In mindfulness we were sometimes advised to direct our attention where our bodily sensations were strongest or most powerful. Part of the goal of this is to bring the meditator into closer contact and greater awareness of their body, just as it is. Even if we were not deliberately doing this, the right side of my body, where the back problems are worse, would clamour for my attention much more loudly than the quieter, less apparently painful left side. The reality is that such problems are somewhat self-reinforcing - this side of my body is in worse shape and so it generates more signals, I therefore inevitably pay more attention to that side, that attention increases the representation of the right side of my body in the brain relative to my left side, there are more connections made and experiences of interpreting its sensations as painful, it is then more likely to have attention paid to it, and more likely to be interpreted as pain. And so it goes, the right side getting louder and louder and more painful, and the left, less painful side getting comparatively quieter and being ignored.

So at times in the meditations I would simply be with my bodily sensations as they were. And that often meant the apparently 'painful' parts of my body got more attention. They were what were. And sometimes that was useful in itself in cultivating awareness.

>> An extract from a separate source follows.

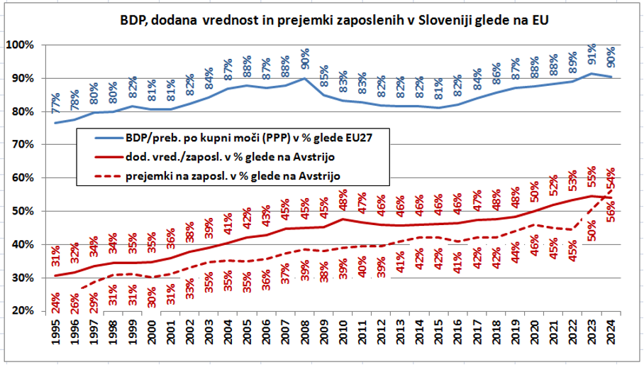 Na žalost pa je to zadnje področje ključno za našo bodočo gospodarsko in tudi siceršnjo sliko države, vključno z nivojem življenjskega standarda ljudi. S kakšno spremembo davčne stopnje seveda lahko dvignemo neto plačo v breme proračuna, a ključne dileme so drugje. Povprečna dodana vrednost v letu 2024 v industriji je bila v Avstriji 110 tisoč eur na zaposlenega ali 78 % več kot v Sloveniji. In edino to je omogočilo, da je bil v Avstriji povprečni mesečni prejemek zaposlenega v industriji 5.800 eur ali 85 % več kot pri nas, ki je znašal 3.150 eur na zaposlenega (navedene številke so podatki o sredstvih za plače v strukturi BDP). Razprave ali je od slovenskih 3.150 eur prejemka namenimo 50 eur več ali manj za davke seveda ne rešujejo ključne razlike, da znajo v Avstriji zaslužiti skoraj enkrat več in potem lahko tudi več namenijo zaposlenim. Vsi bodoči ukrepi vlade bi morali seveda slediti predvsem temu cilju.
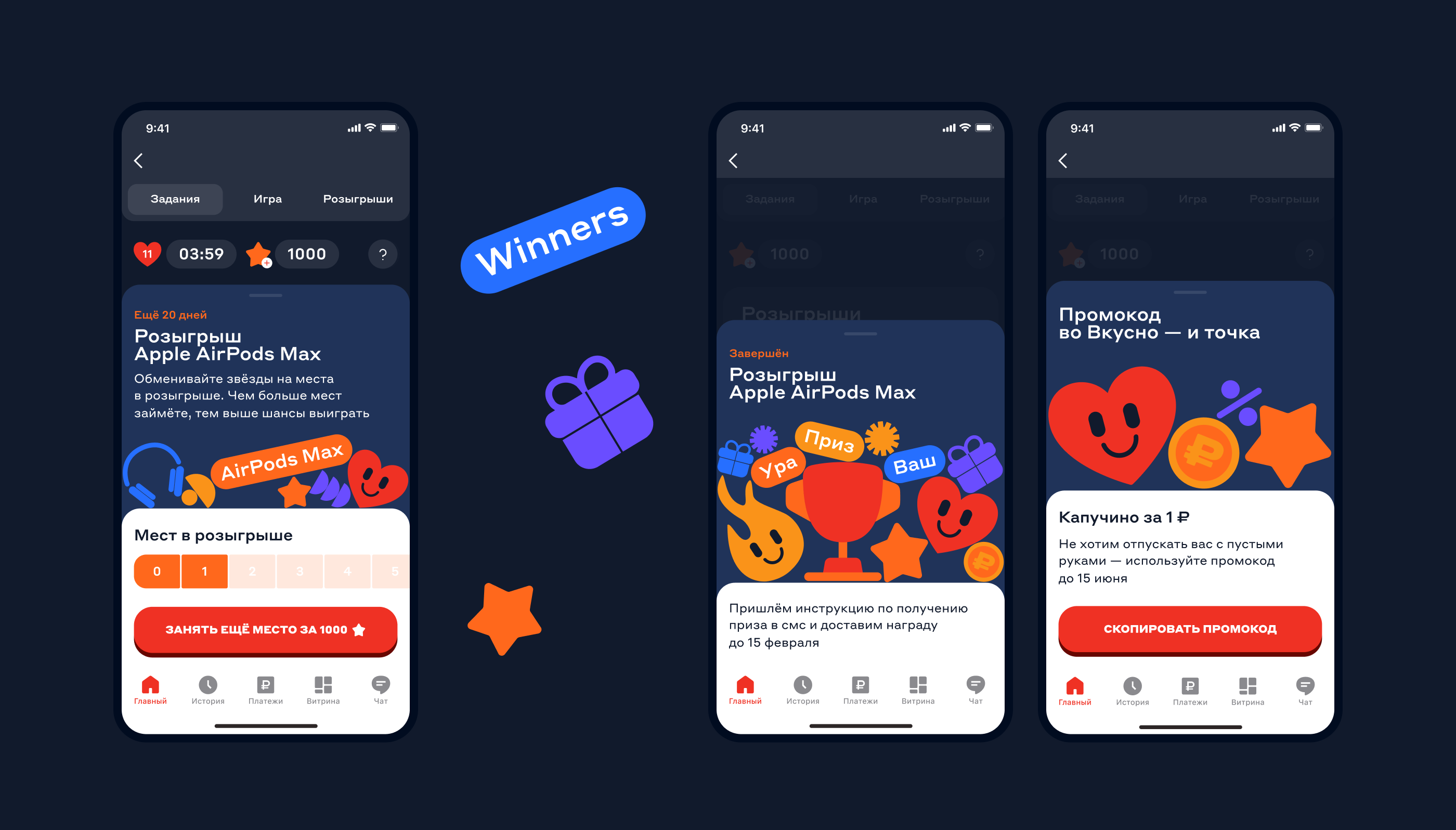 Чтобы клиент перешёл из категории отточных в категорию активных, недостаточно, чтобы он 1-2 раза воспользовался картой. Нужно, чтобы он был активен в течение 3-х месяцев. Поэтому игра должна быть долгосрочная. Не много игровых механик могут удерживать клиента такое количество времени, но мы справились и предложили 5 вариантов:

At some point in the classes, I decided to try an alternative approach. I would direct my attention deliberately to my left side. I would try to notice what the left side felt like. I would notice that it didn't feel in pain, didn't feel abnormal, didn't feel larger and louder that the other side. It felt 'normal'. It felt quiet. It felt like it was lying there, not that it was lying there in pain. I would try a little harder to feel what bodily sensations were in my left side. It took effort and a deliberate peeling of my consciousness away from the right towards the left. I would not focus on ignoring my right side, but simply on being with my left side. And that helped. By reducing my awareness of the pain in the my right side, I was reducing the pain in my right side. Because as we've already seen, awareness of pain is pain. Without awareness, there isn't pain. The goal of meditation - there are many and no goals - is not to be caught up in the sensations of the body. I don't have to feed or focus on a particularly strong sensation, or pay more attention to the most painful part of my body. The other parts and sensations are just as important. I found myself thinking, the right side of my body is like the loudest kid in the kindergarten class, who is shouting and causing trouble and demanding attention. That child deserves attention, but no more than all the other children who are being quiet. And gradually, by focussing on my left side, I felt that a greater balance was appearing in my experience. I was no longer sucked in by the right side all the time. I was learning what not being in pain felt like, having more experiences of not being in pain, through focussing on the in-the-moment experience of my left side. It began to balance up the right side experience, providing a counterpoint so that my total experience included some more 'normal' and non-painful bodily sensations. And it began to quieten my experience of the right side of my body too. It seemed less raucous, less shouty, less demanding. I had less pain. And I had more experience of not-pain.

Who knows if this focussed attention also began to change local nerves, or change what was happening in my spine, or change brain connections and representations. We can't know that, just as we can't know with any certainty what exactly has happened to cause my chronic pain because we don't have the scans or techniques to detect those changes in the nervous systems of living humans, at least not yet. We can just try to understand what is likely going on. By choosing in meditation and mindfulness to sometimes be with my left side rather than with the equally but not more deserving right side, I had experiences of not being in pain that were just as valid as my experiences of being in pain. And I was able to simply be, with whatever I experienced. To be with what I am, however I feel, whatever I think, right now.

To the facilitator, and my co-adventurers in the mindfulness class, and to myself - thanks for being here.